Hoje não podemos considerar essa forma de expressão obrigatória. Porém, a


autoridade visada com essa forma de expressão certamente pode ser obrigatória para
nós.

A partir de uma mesma consciência histórica – crítica do texto, segundo os


teólogos chegaram a posições completamente diferentes. G. Bornkamn vê na fé da Páscoa
uma “profissão de fé de Deus nesse Jesus”, atendo-se, portanto, ao conceito de um deus
transcendente e sua intervenção na história humana. Já, segundo H. Braun, ao contrário,
trata-se tão-somente da singularidade do Jesus de Nazaré histórico, cuja autoridade
consiste, para ele, no apelo para o amor incondicional ao próximo: Jesus e a sua tradição
interpretam o amor de Deus como amor ao próximo”. Daí que, para ele o emprego da
palavra “Deus” se torne desimportante.
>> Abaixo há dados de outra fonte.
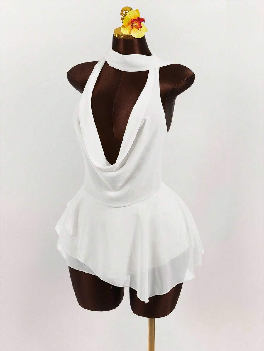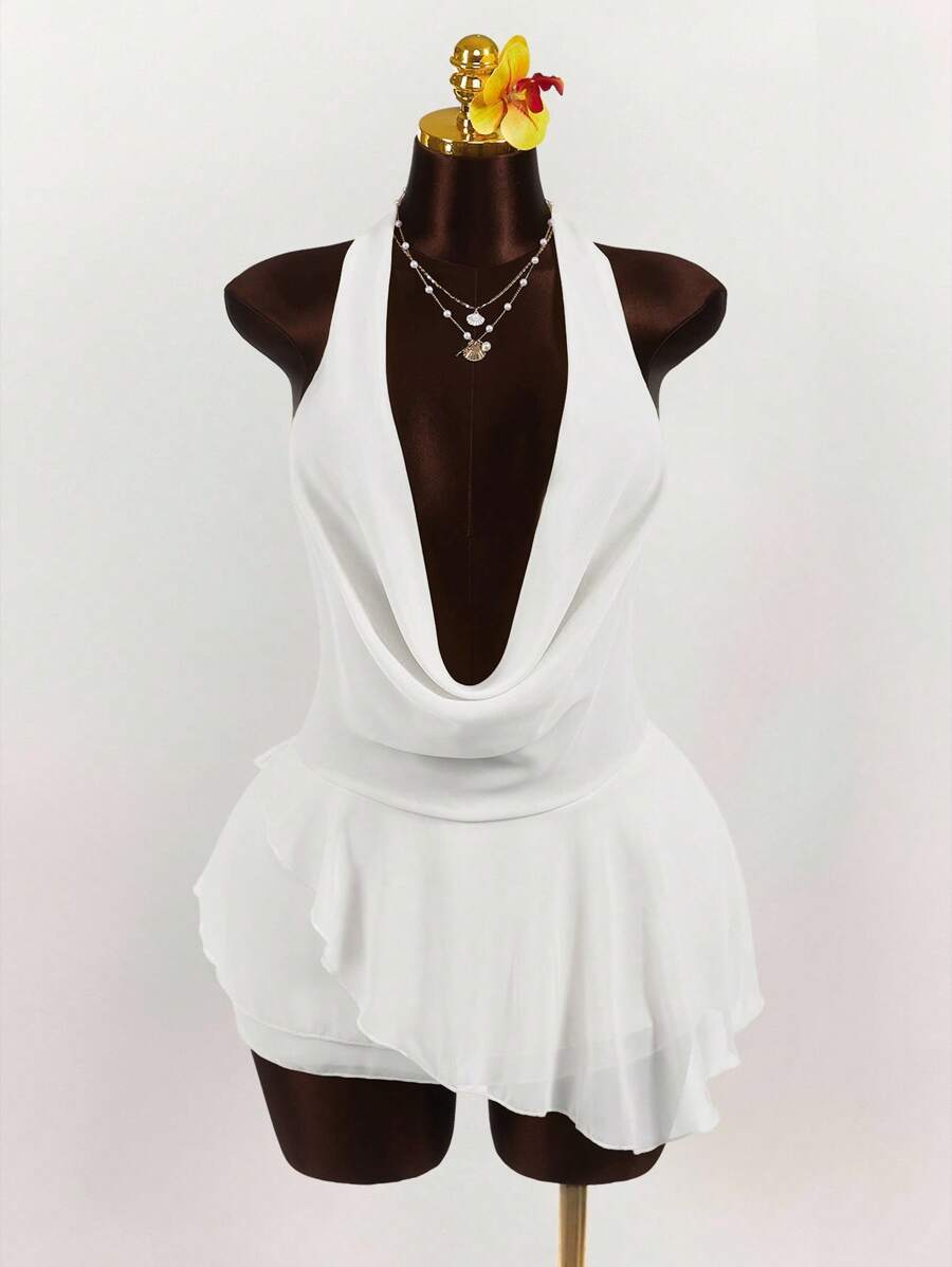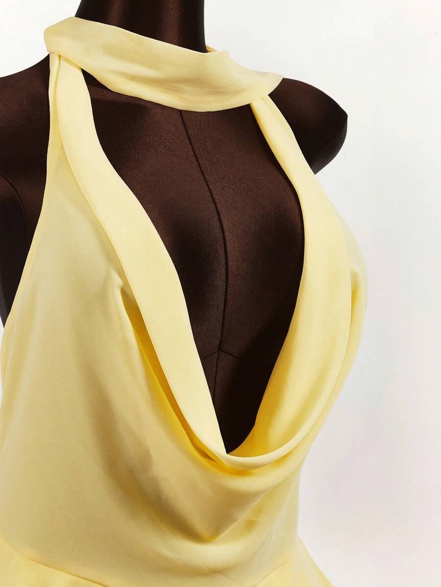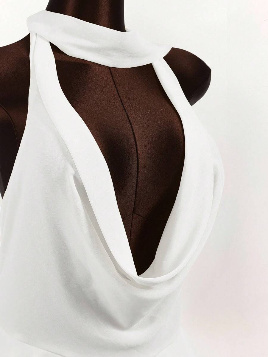 Amplova vestido sexy con cuello holgado exagerado, corbata y plisado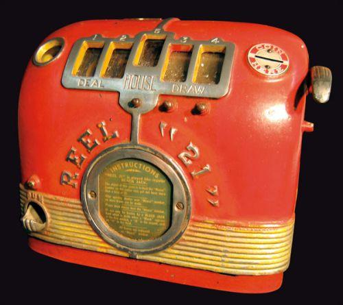 Mills Little Perfection Trade Stimulator, oak case. 4 Reels cards, one cent play, coin operated, cir. 1930. 11 X 15 X 8 1/2 inches.

Qual atitude em relação à fé cristã é então
correta é algo que só pode ser lançado como pergunta, que cada um tem de decidir por si
(decisão da qual tomam parte muitos outros motivos). Isso deveria despertar, no contexto
dessa história da filosofia, meramente a consciência, atualmente, de uma relação
histórico-crítica com o Novo Testamento e para o fato de que, com isso, a questão do
significado de Jesus permanece ainda em aberto.